I have a table which looks something like this:
Identified | Software | Version | Date |
---|---|---|---|
0 | Microsoft Office | 2 | 2022-05-25 |
0 | Microsoft Office | 1 | 2022-03-21 |
0 | Adobe Photoshop | 2 | 2022-04-20 |
1 | Adobe Photoshop | 1 | 2021-04-04 |
The 'Identified' column is a column I have created using this code:
import pandas as pd
import datetime as dt
dfcheck = pd.read_csv('version-data.csv', encoding='utf8')
df = pd.DataFrame(dfcheck)
olderdata = dt.date.today() - pd.DateOffset(years=1)
df['Identified'] = (df['Date'] <= olderdata).astype(int)
In this I have marked everything older than one year.
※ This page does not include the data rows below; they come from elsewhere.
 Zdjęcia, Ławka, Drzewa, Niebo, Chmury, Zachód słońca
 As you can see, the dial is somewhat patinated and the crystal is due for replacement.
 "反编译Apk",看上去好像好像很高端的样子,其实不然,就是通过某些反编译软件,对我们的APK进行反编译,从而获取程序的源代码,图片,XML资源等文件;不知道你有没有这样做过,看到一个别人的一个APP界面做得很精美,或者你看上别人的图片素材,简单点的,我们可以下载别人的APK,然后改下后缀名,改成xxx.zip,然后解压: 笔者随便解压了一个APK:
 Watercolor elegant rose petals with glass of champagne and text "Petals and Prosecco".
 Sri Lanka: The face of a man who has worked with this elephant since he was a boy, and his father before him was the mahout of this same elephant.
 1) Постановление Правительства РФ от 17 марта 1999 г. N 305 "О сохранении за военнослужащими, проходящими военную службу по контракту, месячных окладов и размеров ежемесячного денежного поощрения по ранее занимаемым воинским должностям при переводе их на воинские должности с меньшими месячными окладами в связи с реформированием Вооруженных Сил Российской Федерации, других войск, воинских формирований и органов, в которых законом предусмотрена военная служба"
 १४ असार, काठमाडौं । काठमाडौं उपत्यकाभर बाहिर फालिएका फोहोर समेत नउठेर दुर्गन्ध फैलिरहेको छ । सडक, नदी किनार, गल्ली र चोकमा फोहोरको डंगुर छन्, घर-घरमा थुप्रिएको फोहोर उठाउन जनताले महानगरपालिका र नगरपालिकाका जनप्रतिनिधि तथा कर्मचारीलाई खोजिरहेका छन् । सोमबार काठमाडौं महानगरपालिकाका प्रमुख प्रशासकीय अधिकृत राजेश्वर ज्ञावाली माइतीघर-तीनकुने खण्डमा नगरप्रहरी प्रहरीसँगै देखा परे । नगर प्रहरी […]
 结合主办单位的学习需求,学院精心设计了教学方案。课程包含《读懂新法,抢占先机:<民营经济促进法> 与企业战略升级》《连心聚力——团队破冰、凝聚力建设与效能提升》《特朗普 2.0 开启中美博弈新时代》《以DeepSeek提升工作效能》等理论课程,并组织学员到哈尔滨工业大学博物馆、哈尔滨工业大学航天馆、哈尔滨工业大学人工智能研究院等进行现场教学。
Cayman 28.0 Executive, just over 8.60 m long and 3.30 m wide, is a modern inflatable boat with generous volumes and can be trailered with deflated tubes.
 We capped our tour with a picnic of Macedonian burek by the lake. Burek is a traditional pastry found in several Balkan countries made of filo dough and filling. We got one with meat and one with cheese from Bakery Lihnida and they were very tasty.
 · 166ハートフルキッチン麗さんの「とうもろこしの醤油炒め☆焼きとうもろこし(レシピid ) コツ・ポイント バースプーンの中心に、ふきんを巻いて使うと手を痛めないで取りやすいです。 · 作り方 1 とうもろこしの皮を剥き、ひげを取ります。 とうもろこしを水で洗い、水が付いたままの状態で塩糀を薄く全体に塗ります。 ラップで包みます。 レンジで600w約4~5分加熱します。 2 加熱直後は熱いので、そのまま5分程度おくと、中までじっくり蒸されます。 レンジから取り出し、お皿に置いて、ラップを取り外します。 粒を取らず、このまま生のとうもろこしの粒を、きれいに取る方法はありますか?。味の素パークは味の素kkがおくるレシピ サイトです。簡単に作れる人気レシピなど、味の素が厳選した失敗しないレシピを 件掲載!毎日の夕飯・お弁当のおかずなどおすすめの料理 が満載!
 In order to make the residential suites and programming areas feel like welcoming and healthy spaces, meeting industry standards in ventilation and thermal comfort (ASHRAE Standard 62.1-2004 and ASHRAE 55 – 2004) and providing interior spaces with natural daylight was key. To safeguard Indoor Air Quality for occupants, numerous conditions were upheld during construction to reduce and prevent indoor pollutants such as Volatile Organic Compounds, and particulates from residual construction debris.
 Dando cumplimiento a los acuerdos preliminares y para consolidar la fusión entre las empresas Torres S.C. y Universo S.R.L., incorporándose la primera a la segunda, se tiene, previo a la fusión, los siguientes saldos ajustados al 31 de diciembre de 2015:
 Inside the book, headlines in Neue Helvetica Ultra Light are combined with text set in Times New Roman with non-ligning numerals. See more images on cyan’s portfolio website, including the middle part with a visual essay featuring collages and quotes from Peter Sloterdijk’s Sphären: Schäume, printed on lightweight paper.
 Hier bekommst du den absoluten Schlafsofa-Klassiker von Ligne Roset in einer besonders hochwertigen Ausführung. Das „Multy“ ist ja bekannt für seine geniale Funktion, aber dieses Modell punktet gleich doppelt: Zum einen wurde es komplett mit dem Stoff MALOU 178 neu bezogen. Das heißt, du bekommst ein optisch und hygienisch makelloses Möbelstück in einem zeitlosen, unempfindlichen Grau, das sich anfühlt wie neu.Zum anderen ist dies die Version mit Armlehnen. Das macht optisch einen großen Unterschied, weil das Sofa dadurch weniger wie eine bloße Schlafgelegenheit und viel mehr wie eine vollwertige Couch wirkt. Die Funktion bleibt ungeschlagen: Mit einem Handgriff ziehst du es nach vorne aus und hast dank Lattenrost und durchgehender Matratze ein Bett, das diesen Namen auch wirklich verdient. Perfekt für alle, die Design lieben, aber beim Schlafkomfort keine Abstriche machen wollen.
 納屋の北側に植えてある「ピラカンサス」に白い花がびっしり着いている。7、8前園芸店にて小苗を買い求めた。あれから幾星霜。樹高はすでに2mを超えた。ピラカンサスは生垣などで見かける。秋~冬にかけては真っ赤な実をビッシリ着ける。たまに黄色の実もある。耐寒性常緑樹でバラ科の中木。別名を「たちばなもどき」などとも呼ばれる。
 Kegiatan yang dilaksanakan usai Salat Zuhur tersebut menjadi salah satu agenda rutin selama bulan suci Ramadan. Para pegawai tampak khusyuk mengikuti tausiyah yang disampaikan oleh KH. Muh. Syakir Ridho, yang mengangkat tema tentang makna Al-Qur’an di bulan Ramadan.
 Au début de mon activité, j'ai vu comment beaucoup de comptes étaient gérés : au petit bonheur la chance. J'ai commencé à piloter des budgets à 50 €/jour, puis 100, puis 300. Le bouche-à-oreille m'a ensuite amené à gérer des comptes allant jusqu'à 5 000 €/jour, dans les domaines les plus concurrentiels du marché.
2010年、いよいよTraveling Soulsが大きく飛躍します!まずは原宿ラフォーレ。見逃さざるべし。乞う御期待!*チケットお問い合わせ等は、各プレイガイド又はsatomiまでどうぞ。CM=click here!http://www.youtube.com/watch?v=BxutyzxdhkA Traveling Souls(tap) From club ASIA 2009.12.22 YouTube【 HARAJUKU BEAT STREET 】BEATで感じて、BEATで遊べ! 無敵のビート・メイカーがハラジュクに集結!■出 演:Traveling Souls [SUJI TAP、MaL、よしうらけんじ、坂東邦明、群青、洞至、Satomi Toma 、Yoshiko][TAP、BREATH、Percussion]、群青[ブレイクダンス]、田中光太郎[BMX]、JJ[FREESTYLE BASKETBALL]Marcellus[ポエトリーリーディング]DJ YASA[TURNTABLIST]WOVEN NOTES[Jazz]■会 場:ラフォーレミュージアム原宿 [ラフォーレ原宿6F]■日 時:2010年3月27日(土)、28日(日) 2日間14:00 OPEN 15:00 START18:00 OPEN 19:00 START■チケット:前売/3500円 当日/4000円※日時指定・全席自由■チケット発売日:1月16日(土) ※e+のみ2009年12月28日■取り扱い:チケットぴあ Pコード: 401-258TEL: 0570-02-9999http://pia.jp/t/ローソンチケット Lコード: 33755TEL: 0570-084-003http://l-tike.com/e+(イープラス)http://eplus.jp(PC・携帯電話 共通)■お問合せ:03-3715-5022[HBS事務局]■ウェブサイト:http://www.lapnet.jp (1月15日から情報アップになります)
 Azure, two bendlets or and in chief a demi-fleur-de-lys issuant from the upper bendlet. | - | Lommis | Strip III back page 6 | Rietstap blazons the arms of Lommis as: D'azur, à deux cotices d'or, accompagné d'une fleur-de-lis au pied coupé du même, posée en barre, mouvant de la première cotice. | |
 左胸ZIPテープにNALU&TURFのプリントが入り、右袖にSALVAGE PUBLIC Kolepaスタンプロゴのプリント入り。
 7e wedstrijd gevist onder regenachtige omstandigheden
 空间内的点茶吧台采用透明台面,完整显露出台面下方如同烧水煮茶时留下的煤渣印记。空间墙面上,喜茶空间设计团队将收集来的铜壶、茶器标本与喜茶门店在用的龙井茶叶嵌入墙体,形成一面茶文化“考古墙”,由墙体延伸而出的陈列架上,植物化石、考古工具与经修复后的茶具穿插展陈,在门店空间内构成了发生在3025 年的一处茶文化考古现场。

So now what I'm trying to do is create a new dataframe which shows all software packages which have been identified. Here is the output I am looking for:
Identified | Software | Version | Date |
---|---|---|---|
0 | Adobe Photoshop | 2 | 2022-04-20 |
1 | Adobe Photoshop | 1 | 2021-04-04 |
How do I achieve this?
CodePudding user response:
You can use groupby.filter
:
out = df.groupby('Software').filter(lambda x: (x.Identified==1).any())
print (out)
Identified Software Version Date
2 0 Adobe Photoshop 2 2022-04-20
3 1 Adobe Photoshop 1 2021-04-04